Are headstands safe for your neck?

Headstand or Sirsasana Pose:

As an upper cervical chiropractor, I get asked if headstands are safe for people's necks all the time.  My answer is yes, but with some very important distinctions.  The first distinction is that this posture is ALL about how you get into it and how you get out of it.  Standing on your head isn't actually the hard part, I promise!  What is difficult and can compromise your neck and body is getting up there and getting down.  When going into this posture, the most important aspect is that you have a solid base created by your shoulders and forearms.  The secret is that you should have almost no actual body weight on the crown of your head.  Your body weight is supported by the upper body, not your head and neck, which is why, when done correctly, a headstand is not going to hurt your neck.  Coming in and and out of the head stand is all about core engagement so that you are shifting weight appropriately and being sure to protect your neck during this movement. 

The health benefits of body inversion are well documented, and done correctly with attention to detail, headstands are beneficial for your body.

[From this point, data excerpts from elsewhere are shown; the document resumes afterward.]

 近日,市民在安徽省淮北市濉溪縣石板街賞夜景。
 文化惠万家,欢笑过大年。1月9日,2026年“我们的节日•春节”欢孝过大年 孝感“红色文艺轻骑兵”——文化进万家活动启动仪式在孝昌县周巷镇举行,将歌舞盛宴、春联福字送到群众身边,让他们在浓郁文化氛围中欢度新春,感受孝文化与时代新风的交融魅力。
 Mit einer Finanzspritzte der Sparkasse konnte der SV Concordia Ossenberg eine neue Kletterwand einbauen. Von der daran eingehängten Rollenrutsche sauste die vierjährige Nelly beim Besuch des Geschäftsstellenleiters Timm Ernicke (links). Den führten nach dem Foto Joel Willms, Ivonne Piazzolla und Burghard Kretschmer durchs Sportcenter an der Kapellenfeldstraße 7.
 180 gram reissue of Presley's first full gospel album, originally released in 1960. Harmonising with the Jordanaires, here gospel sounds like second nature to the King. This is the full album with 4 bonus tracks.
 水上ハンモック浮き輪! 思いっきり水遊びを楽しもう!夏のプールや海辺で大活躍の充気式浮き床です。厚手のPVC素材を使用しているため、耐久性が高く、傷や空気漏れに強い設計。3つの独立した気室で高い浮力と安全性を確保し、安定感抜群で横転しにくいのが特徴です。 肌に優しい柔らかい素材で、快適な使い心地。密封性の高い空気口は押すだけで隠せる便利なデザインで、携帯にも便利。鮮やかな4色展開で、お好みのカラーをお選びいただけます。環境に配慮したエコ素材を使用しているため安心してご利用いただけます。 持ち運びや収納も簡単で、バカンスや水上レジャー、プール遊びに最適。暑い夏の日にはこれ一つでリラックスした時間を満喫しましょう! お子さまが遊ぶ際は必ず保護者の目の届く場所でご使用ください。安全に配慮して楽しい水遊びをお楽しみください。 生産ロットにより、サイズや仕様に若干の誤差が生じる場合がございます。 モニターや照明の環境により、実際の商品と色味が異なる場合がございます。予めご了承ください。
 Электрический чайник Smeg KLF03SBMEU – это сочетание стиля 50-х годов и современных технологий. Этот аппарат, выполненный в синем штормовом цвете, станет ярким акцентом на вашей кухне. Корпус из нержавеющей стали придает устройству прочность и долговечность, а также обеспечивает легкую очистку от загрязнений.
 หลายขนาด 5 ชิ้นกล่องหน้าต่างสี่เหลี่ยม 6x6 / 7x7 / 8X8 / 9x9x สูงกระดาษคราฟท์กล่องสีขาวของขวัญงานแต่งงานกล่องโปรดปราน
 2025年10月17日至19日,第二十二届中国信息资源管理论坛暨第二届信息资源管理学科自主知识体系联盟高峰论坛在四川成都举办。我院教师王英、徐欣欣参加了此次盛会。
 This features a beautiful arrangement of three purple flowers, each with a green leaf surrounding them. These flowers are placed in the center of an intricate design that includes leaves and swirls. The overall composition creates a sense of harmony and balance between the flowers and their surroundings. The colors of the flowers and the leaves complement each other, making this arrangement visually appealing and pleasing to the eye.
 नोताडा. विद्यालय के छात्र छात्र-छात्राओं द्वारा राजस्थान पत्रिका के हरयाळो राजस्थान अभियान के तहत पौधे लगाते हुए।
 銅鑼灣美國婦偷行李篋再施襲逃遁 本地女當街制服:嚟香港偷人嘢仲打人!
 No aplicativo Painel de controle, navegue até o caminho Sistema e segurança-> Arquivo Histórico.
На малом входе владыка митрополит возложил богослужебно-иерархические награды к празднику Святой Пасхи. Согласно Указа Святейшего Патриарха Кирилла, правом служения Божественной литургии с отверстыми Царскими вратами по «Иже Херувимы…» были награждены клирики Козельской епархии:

So... happy head-standing!

Vertigo, TMJ, and neck pain helped with Upper Cervical Care

Jeremy came in 6 months ago with severe bouts of vertigo. He had a concussion during a hockey game 3 years prior and had been struggling with vertigo for the last two years. The symptoms had progressed to the point where he wouldn’t be able to get off the floor or leave the house for days because he was too dizzy and nausea and couldn’t trust his balance. Jeremy experienced constant whooshing in his ears with temporomandibular joint (TMJ) pain and dysfunction (TMD). He also had neck and low back pain and stiffness.

Jeremy has been under upper cervical chiropractic care now for six months. He has not had any bouts of vertigo since starting care and his neck pain, jaw pain, whooshing in his ears and his low back pain are all much improved. Jeremy is back outdoors hiking and doing the things he loves again!

Low Back Pain and Headaches Improved with Upper Cervical Care

We all know that pain and fear of injury can stop us from doing the things in life that we really want to do and make us feel...well...just not like ourselves. Ryan came to us experiencing low back pain, which was keeping him from exercising. Ryan was becoming frustrated because when he would exercise, his low back would flair up. He was also getting headaches two to three times a week and neck pain. Ryan’s upper cervical spine was corrected and immediately he felt the pressure off his low back. He has now had four upper cervical corrections and his low back pain, neck pain and headaches are all dramatically improved just by getting his head on straight! Is your head on straight?

Whiplash Relief with Upper Cervical Care

Craig was in a bad head-on motor vehicle accident about five years ago, which had suffered from bad whiplash.  When he first came in about eight months ago, he felt unstable in his spine, he had left arm pain, numbness and tingling, as well as low back and neck pain.  Also after the accident, he found that he couldn't work out with being in pain or injuring himself. After the first four weeks of corrections, Craig was reporting dramatic improvements and was able to get back in the gym. Now he has been holding his alignment for about six months - meaning he hasn’t needed to be adjusted! He has his confidence back and is feeling strong!

HELP FOR MIGRAINE SUFFERERS IN PORTSMOUTH, NH

When you body has a recurring symptom that doesn't resolve medication can be helpful to get you through the day to day, it masks the symptom but you should ask yourself... WHY?   Why can't my body self correct this?  Why does the problem continually recur?  With migraines often the causes can be many factors from environmental triggers like chemicals to life stress but often a big factor is also neurological and structural. 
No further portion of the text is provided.